Luz Oliveros-Belardo (3 November 1906 – 12 December 1999) was a Filipina pharmaceutical chemist, honored with the National Scientist of the Philippines award by the Philippine government in 1987.

Early life
Luz Oliveros was born in Navotas, Rizal, the daughter of Aurelio Oliveros and Elisa Belarmino.
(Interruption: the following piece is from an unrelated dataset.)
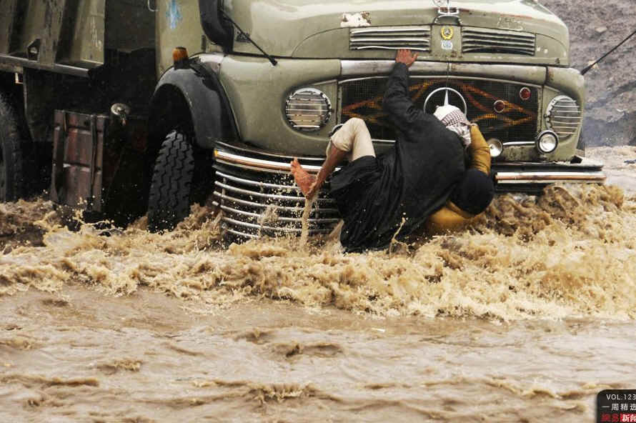 当地时间4月9日,也门首都萨那,大雨导致部分街区无法通行。市区北部,在水中跌倒的行人爬上汽车。当日,萨那普降大雨,由于市内排水设施能力有限,首都部分街区积水超过半米,多个街区的道路无法通行。新华社/默罕默德

She held undergraduate and master's degrees in chemistry from the University of the Philippines in Manila. In 1957 she earned a PhD in pharmaceutical chemistry at the University of Connecticut, with a dissertation involving molecular refraction in terpenes.

Career
Luz Oliveros-Belardo was director of the Natural Sciences Research Center at the Philippine Women's University. She became Dean of the College of Pharmacy in 1947. Her research focused on extracting essential oils and other chemicals from native Philippine plants for pharmaceuticals, food production, scents, and other applications. For example, she developed an experimental formulation based on apitong (Dipterocarpus grandiflorus) oleoresin that was suitable for motor fuel.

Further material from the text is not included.